Patients told us that the practice looked clean, and equipment appeared to be in a good state of repair.

Staff told us how they ensured the premises and equipment were clean and well maintained. They demonstrated knowledge and awareness of infection prevention and control processes although improvements were required. Staff told us that single use items were not reprocessed.

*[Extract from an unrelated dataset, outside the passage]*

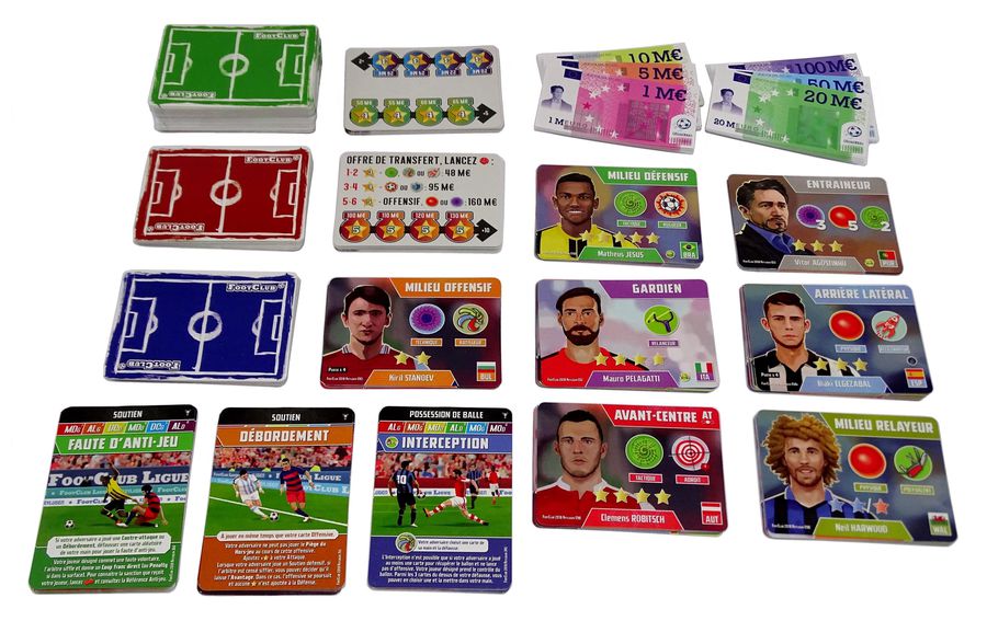 Et oui, cette extension introduit une mécanique d’enchères dans footclub.  2 fois durant la partie vous allez pouvoir acquérir des joueurs en les achetant via des enchères classiques (on pose son pion sur une piste d’enchère) contre vos adversaires. Vous débutez d’ailleurs le jeu avec un pactole de départ de 600 millions, faux malheureusement 😉

The practice appeared clean and there was an effective schedule in place to ensure it was kept clean. Staff followed infection control principles, but the use of personal protective equipment (PPE) needed improvement. We observed the dental nurse carrying out decontamination duties without donning a disposable apron or adequate eye protection prior to scrubbing contaminated instruments. Hazardous waste was disposed of safely. However, the clinical waste was stored in a cupboard that was accessible to patients. Following the inspection, the provider ensured clinical waste awaiting collection was stored in a locked cupboard.,. We observed the decontamination of used dental instruments, improvements were required to align procedures with national guidance. In particular, we observed that instruments were scrubbed without being submerged, increasing the risk of contaminated aerosol. Following our feedback, the provider addressed this with staff to ensure the decontamination of contaminated instruments was completed correctly.

The practice had infection control procedures which broadly reflected published guidance and the equipment in use was maintained and serviced. Staff had appropriate training, and the practice completed infection prevention and control (IPC) audits which required improvement. The audits were carried out annually instead of at 6-monthly intervals in line with current guidance and more care was required to ensure they were completed accurately to reflect the processes and identify where improvement was required. The practice had some procedures to reduce the risk of Legionella, or other bacteria, developing in water systems, in line with a risk assessment. We noted that the risk assessment was suitable for domestic premises only and had therefore not identified the need to monitor the temperature of water at sentinel outlets on a monthly basis. Following our feedback, a suitable risk assessment was carried out by a competent person. The practice had policies and procedures in place to ensure clinical waste was segregated appropriately in line with guidance.

Medicines optimisation

Regulations met

The judgement for Medicines optimisation is based on the latest evidence we assessed for the Safe key question.